Заслуживает при этом внимания, что грифон в трактовке грекоскифского искусства— это существо, сочетающее в себе черты хищной птицы и льва (см. рис. 24),
рис. 24 Ваза из кургана Чертомлык. Деталь декора.т. е. зооморфных
олицетворений обоих потусторонних миров — верхнего и нижнего. Иными словами, используя этот образ, данное искусство доводит до логического конца ту тенденцию к описанию средствами зоологического кода мироздания как бинарной, а не тернарной структуры, которая выше была отмечена для скифского звериного стиля: «этот» мир,
мир смертных, символизируемый копытным, противостоит «иному» миру, миру смерти в его различных ипостасях— «верхней» (хищная птица), «нижней» (кошачий хищник) или совмещенной (грифон).
Итак, семантика скифского звериного стиля и зооморфных греко-скифских композиций оказывается достаточно близкой... заслуживает особого внимания, какое именно действие было привнесено греческими художниками в традиционные для Скифии зооморфные композиции. Выше уже отмечалось, что наиболее частым здесь стал мотив терзания копытного (прежде всего оленя) кошачьим хищником или грифоном (рис. 24). В отличие от других областей евразийского степного пояса, в Причерноморской Скифии этот сюжет не был популярным в собственно скифском зверином стиле, но в эпоху распространения греко-скифских памятников получил чрезвычайно широкое распространение. Проблема его семантики до сих пор служит предметом дискуссий. Иногда в нем видят воплощение идеи борьбы двух тотемов, т. е. двух этнических групп, получающее в эпоху разложения первобытнообщинного строя характер «прославления победы в борьбе, утверждения силы и права на жестокость» [Грач 1972: 30]. Другое толкование исходит из того, что здесь находит отражение характерная для древних иранцев
«дуалистическая концепция борьбы доброго и злого начал» [Кузьмина 1972: 52]. Обе эти точки зрения были подвергнуты убедительной критике Г. А. Федоровым-Давыдовым [1975: 23], указавшим на необъяснимость постоянного и повсеместного воплощения победы одних и тех же родо-племенных групп и поражения других, а тем более непременного торжества зла над добром. Однако его собственная трактовка, предполагающая, что мотив терзания воплощает «не столько собственно терзание, сколько проникновение одного звериного существа в другое» с целью усугубления магической эффективности изображения в плане «привлечения на пользу человеку различных способностей животного» [Федоров-Давыдов 1975: 25], имеет почти все те уязвимые стороны, которые были отмечены выше, при анализе чисто магического толкования семантики звериного стиля в целом.
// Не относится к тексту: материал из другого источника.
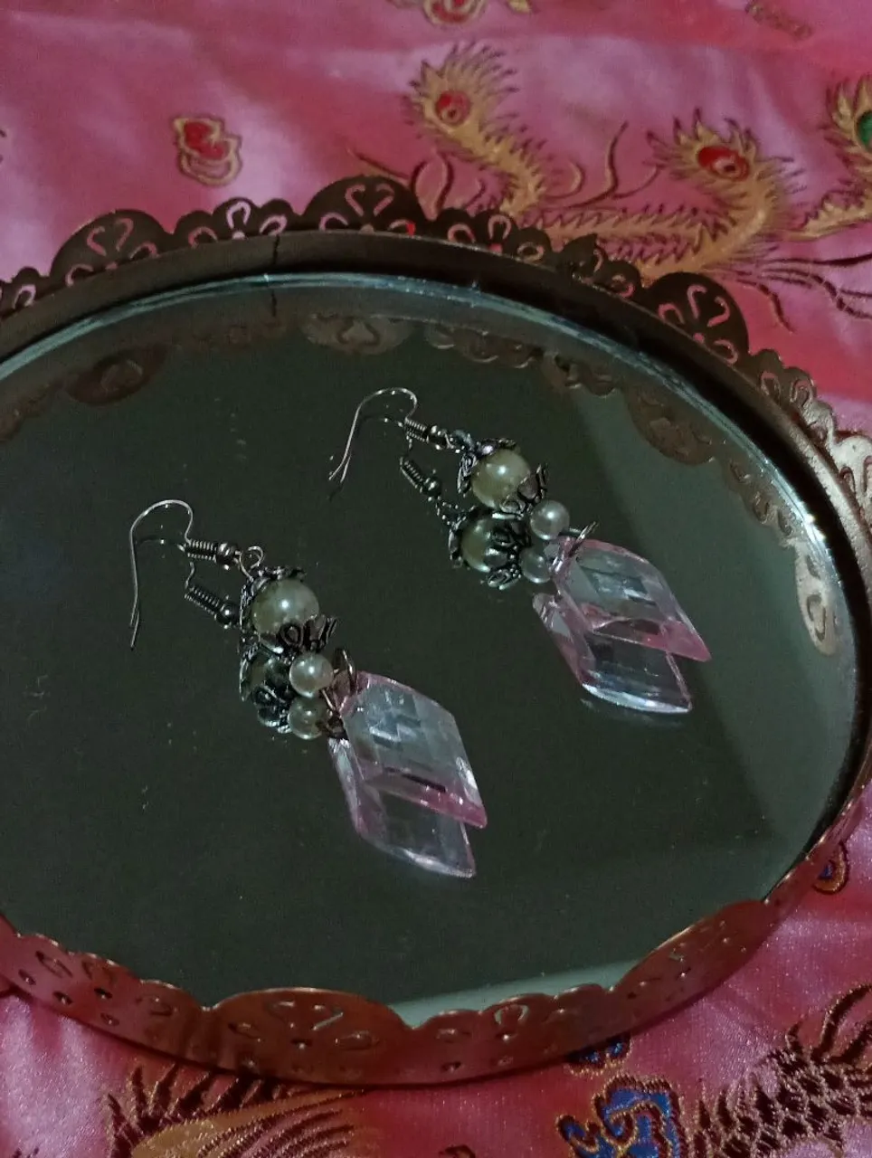 Brincos artesanais elegantes com detalhes em pérolas e pingentes em formato de losango rosa, perfeitos para adicionar um toque de sofisticação ao seu visual.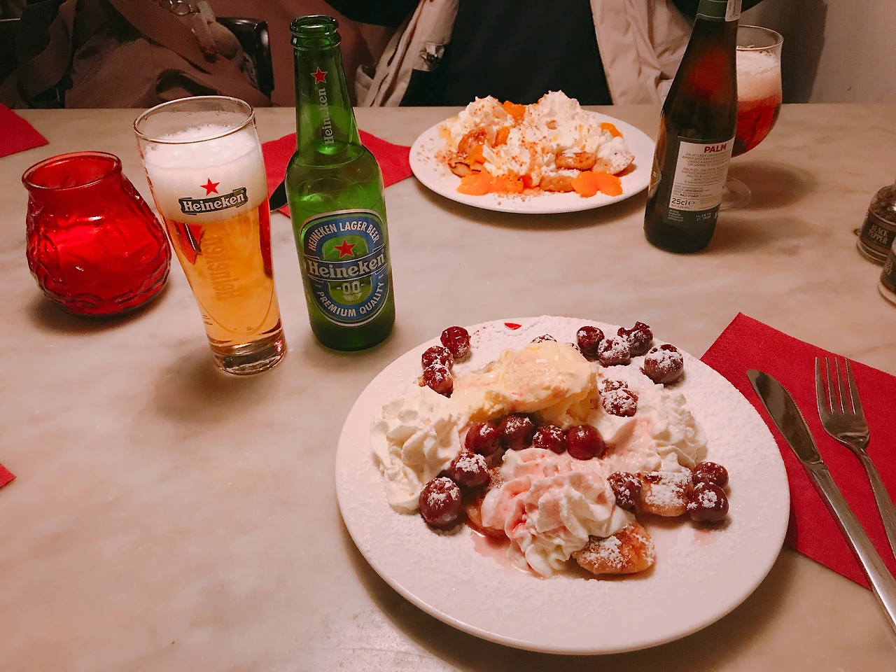 네덜란드 암스테르담을 떠나기 전 우린 로컬푸드는 먹고 가야 되는 것 아니냐는데 의견을 모았다. 그래서 네덜란드의 국민 간식이라고 정평이 나있는 포퍼처스를 맛보지 않을 수 없었다. 남편과 포퍼처스 레스토랑을 찾아 포퍼처스를 먹으러 갔었다. 쫀득쫀득 미니 팬케이크 같은 맛이었는데 여러 가지 맛이 있었지만 나는 와인에 졸인 베리류의 포퍼처스를 먹었다. 술이 약한 나는 약간 알딸딸한 술기운이 느껴지기도 했었다. 행복했다. 많이 걷는 걸 좋아하지 않는 남편으로선 마지막 암스테르담에서의 일정을 만족해했었다.

Е. Е. Кузьмина в последних работах отошла от только что упомянутой трактовки семантики интересующего нас мотива в духе зороастрийского морального дуализма и склоняется
к астрально-солярному его толкованию, принятому в работах В. Хартнера для аналогичных сцен в искусстве Передней Азии [Hartner, Ettinghausen 1964; Hartner 1965]. Полагая, что именно из этого культурного ареала данный мотив пришел в искусство степей, исследовательница считает, что
«вместе с композицией из переднеазиатского искусства было воспринято и идейное содержание сцены терзания как символа весеннего возрождения, которое было соотнесено иранцами с их главным праздником Ноурузом — Новым годом солярного календаря» [Кузьмина 1979: 78]. Однако если рассматривать этот мотив в контексте архаических представлений о мире и о протекающих в нем жизненных процессах, то, видимо, нет необходимости в столь жестком приурочивании его семантики исключительно к определенному календарному моменту. Концепция В. Хартнера опирается на то обстоятельство, что животные, выступающие в качестве «действующих лиц» сцен терзания, соответствуют зооморфной символике и номенклатуре созвездий в переднеазиатской традиции. Отсюда
делается вывод, что, к примеру, сцена терзания быка львом служит указанием на момент исчезновения и появления соответствующих
созвездий на небосклоне. Но уже сама история формирования этого мотива в искусстве Передней Азии наводит на мысль, что даже там
такое его осмысление (если оно действительно существовало в древневосточных культурах) было вторично, а генезис сюжета терзания коренится в значительно более общих принципах моделирования мира средствами зооморфного кода (см. [Антонова 1984: 172 ел.]). Еще менее вероятно, что подобное астральное толкование этого мотива бытовало по всему ареалу, где он существовал в искусстве. Применительно к Скифии такую его интерпретацию трудно согласовать с большой вариативностью конкретных воплощений:
в качестве объектов терзания здесь выступают и олень, и козел, и лошадь, а в роли терзающих существ — лев, хищная птица, грифон. Такое многообразие никак не может быть согласовано с астральной номенклатурой в духе концепции В. Хартнера.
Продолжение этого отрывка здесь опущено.